**Exercise goal**:
Once you find the line with "The flowers are" in the data that follows, repeat it and every line after it exactly, through the line with "Pagalma ēka, slēgts".

**Records for this task**:
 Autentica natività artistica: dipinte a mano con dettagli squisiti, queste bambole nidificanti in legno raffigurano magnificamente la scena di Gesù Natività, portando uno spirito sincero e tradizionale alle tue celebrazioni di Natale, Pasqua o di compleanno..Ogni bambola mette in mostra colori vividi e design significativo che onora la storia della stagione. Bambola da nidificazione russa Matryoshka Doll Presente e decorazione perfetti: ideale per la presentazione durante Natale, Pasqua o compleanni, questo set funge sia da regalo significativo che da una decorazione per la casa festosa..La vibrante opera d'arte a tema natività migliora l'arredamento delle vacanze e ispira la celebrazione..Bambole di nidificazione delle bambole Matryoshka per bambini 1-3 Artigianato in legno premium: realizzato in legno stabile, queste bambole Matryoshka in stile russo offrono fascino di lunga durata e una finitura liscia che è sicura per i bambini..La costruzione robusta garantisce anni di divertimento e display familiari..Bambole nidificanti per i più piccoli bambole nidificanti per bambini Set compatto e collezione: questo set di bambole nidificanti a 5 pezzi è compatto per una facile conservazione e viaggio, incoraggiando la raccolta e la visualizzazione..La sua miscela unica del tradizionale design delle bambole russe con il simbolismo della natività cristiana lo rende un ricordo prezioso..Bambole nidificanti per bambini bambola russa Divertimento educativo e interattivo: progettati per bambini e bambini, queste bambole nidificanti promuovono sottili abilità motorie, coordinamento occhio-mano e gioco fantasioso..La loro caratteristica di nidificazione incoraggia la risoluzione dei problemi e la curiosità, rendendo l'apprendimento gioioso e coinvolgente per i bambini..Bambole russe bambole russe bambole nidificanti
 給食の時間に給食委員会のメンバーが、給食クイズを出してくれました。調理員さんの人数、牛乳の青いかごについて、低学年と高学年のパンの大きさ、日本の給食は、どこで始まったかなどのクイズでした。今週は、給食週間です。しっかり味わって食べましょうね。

* * *

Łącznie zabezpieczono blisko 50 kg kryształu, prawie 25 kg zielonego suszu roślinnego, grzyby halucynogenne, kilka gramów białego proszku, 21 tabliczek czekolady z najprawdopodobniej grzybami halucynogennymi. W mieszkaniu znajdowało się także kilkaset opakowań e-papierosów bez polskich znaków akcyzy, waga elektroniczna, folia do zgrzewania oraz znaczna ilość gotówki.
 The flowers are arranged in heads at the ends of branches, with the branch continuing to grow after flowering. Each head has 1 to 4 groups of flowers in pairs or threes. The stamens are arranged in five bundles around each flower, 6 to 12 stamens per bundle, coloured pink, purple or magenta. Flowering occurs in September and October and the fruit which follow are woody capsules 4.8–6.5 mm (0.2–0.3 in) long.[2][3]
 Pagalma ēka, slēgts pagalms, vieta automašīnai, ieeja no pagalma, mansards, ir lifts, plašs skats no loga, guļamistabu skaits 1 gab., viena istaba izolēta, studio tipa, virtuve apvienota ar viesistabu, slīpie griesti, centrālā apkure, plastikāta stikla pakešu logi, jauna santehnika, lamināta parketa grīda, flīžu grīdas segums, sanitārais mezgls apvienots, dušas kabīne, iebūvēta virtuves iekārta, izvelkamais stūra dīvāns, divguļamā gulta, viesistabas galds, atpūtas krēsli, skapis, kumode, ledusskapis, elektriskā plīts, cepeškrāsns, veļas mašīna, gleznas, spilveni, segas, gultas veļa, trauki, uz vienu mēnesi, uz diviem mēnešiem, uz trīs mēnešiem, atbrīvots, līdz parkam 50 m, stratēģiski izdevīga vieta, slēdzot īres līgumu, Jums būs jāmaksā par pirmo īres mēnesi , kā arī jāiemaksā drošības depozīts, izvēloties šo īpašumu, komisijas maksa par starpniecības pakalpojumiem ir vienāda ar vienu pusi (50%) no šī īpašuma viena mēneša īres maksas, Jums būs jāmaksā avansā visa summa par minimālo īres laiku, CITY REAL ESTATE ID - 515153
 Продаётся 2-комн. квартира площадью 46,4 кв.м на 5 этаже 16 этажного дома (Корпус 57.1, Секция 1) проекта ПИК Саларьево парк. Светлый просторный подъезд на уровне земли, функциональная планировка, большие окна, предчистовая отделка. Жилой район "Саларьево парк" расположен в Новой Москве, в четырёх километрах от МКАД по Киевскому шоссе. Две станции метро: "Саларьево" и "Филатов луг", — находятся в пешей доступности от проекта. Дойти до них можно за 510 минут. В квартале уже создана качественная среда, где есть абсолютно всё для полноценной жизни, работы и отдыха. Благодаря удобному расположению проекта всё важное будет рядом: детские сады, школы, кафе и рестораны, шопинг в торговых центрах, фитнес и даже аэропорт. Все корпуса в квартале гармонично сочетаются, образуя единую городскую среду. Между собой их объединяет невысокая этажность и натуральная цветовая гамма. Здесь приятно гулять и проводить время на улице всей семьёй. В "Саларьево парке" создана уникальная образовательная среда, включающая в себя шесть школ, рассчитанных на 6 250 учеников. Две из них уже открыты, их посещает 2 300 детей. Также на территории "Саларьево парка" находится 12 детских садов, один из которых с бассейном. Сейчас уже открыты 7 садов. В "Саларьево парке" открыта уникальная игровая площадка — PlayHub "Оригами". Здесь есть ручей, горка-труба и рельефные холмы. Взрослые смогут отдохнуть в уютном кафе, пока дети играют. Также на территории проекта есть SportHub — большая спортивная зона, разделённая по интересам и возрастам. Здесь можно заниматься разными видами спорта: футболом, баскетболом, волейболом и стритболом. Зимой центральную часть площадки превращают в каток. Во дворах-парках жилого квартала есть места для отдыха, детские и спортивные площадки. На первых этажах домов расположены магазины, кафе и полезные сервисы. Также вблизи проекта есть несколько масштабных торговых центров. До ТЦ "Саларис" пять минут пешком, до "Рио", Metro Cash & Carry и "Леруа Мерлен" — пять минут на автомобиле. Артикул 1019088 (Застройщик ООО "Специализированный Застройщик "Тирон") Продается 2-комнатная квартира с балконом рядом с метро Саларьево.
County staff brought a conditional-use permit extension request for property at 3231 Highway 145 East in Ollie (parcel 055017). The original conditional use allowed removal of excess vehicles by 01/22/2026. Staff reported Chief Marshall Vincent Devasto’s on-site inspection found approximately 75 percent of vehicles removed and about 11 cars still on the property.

**Task result**:
 The flowers are arranged in heads at the ends of branches, with the branch continuing to grow after flowering. Each head has 1 to 4 groups of flowers in pairs or threes. The stamens are arranged in five bundles around each flower, 6 to 12 stamens per bundle, coloured pink, purple or magenta. Flowering occurs in September and October and the fruit which follow are woody capsules 4.8–6.5 mm (0.2–0.3 in) long.[2][3]
 Pagalma ēka, slēgts pagalms, vieta automašīnai, ieeja no pagalma, mansards, ir lifts, plašs skats no loga, guļamistabu skaits 1 gab., viena istaba izolēta, studio tipa, virtuve apvienota ar viesistabu, slīpie griesti, centrālā apkure, plastikāta stikla pakešu logi, jauna santehnika, lamināta parketa grīda, flīžu grīdas segums, sanitārais mezgls apvienots, dušas kabīne, iebūvēta virtuves iekārta, izvelkamais stūra dīvāns, divguļamā gulta, viesistabas galds, atpūtas krēsli, skapis, kumode, ledusskapis, elektriskā plīts, cepeškrāsns, veļas mašīna, gleznas, spilveni, segas, gultas veļa, trauki, uz vienu mēnesi, uz diviem mēnešiem, uz trīs mēnešiem, atbrīvots, līdz parkam 50 m, stratēģiski izdevīga vieta, slēdzot īres līgumu, Jums būs jāmaksā par pirmo īres mēnesi , kā arī jāiemaksā drošības depozīts, izvēloties šo īpašumu, komisijas maksa par starpniecības pakalpojumiem ir vienāda ar vienu pusi (50%) no šī īpašuma viena mēneša īres maksas, Jums būs jāmaksā avansā visa summa par minimālo īres laiku, CITY REAL ESTATE ID - 515153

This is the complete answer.